Вторую мировую войну писатель встретил полный внутренних сомнений, но весь богатый опыт, который он почерпнул из жизни за годы войны, наблюдая обострение конфликта между идеями прогресса и идеями реакции, возросшую активность и роль народных масс в истории, оставил в его сознании глубочайший след.
Послевоенные годы были для него в творческом отношении весьма продуктивны, а созданные им на материале событий, связанных с французской буржуазной революцией, романы «Гойя, или Тяжкий путь познания», «Лисицы в винограднике», «Мудрость чудака, или Смерть и преображение Жан-Жака Руссо», а также «Испанская баллада», «Иеффай и его дочь» обозначили новый этап в его идейном и художественном развитии.

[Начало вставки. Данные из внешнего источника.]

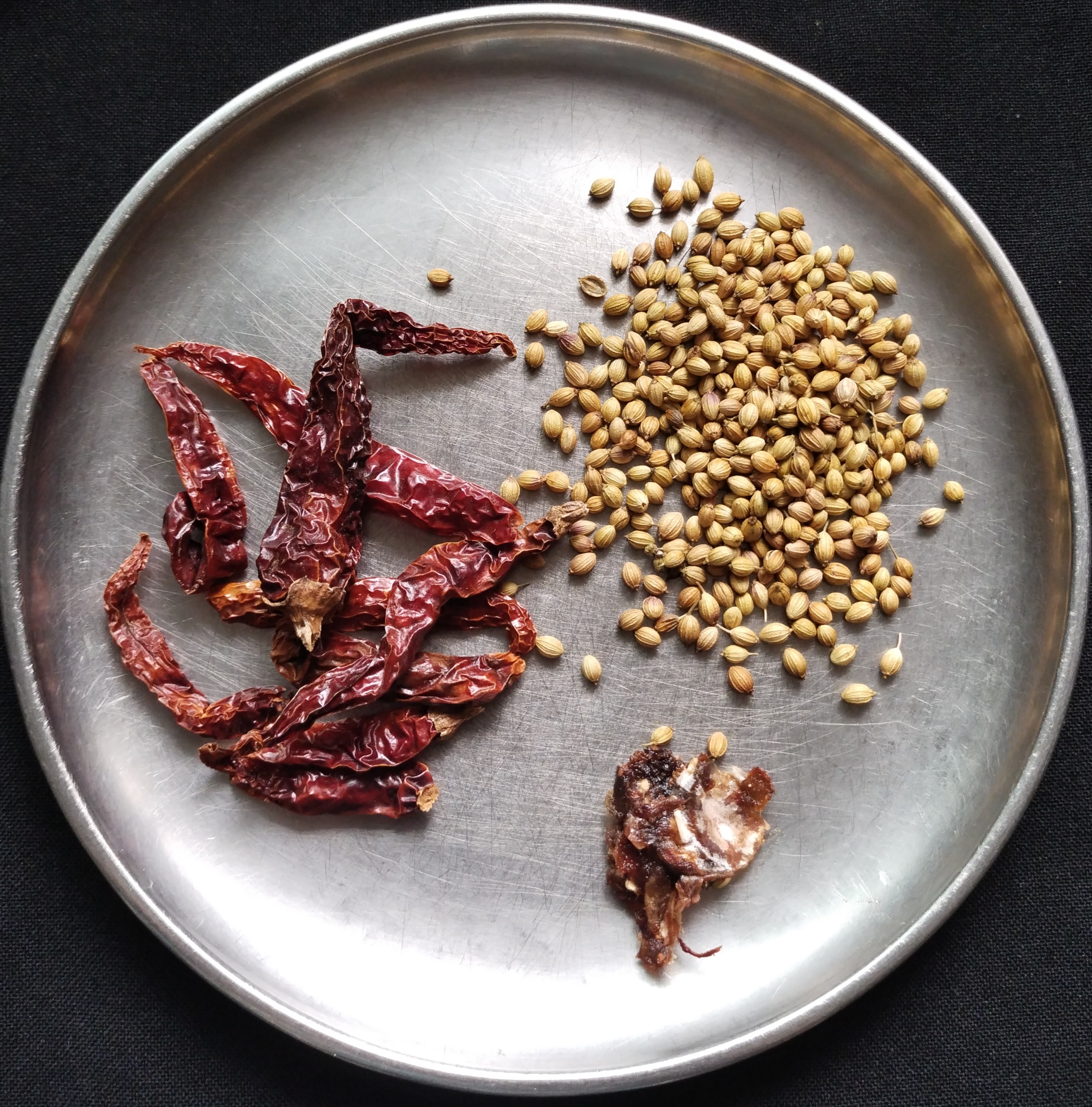 💁Meanwhile grind 🥥coconut , coriander seeds, tamarind & roasted red chilli into a coarse masala 💁without adding any 💦 water .
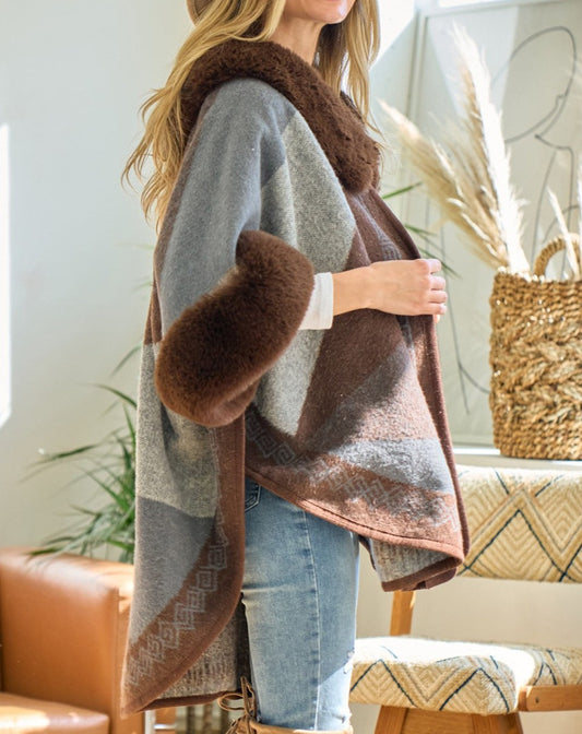 Brown Taupe & Grey Vertical Stripe Faux Fur Trim Cape Poncho

Изображая смену феодальных отношений капиталистическими, крушение монархической Франции, расшатывание здания феодальной Европы или обращаясь в глубь испанской и библейской истории, Фейхтвангер насыщал свои послевоенные произведения параллелями с современностью.
В послесловии к роману «Лисицы в винограднике» он писал, что подлинным его героем является не та или иная историческая личность, а сам прогресс, «тот незримый кормчий истории, который в восемнадцатом столетии был открыт, в девятнадцатом тщательно изучен, описан и оценен, с тем чтобы в двадцатом веке быть тяжко оклеветанным и отвергнутым».
Несмотря на горечь, присутствующую в этих словах, Фейхтвангер, пересматривая свой прежний взгляд на историю как на трагическое равновесие сил Разума и Варварства, начал признавать неуклонность движения человечества вперед. Идея исторического прогресса становится в его последних романах главной, привнося в них отсутствовавший ранее дух исторического оптимизма. Несомненно, общественная борьба масс привела Фейхтвангера к этой идее. Признавая неизбежность утверждения в жизни новой системы социальных отношений, основанной на началах справедливости, Фейхтвангер писал, что «великие перемены могут совершаться только снизу, массами, народом». Но он по-прежнему полагал, что изменение жизни произойдет лишь тогда, когда изменится сам человек. Умонастроение, объединившее в «Успехе» Тюверлена, Иоганну Крайн, Мартина Крюгера, их вера в стихийную созидательную мощь жизни, которая сама пробьет путь к справедливости, находит в послевоенных романах Фейхтвангера философское обоснование. «Если окинуть взором события последних лет в целом, то, к счастью, можно признать: человечество, вопреки всему, движется вперед, по законам великой, доброй необходимости», — писал он в «Мудрости чудака».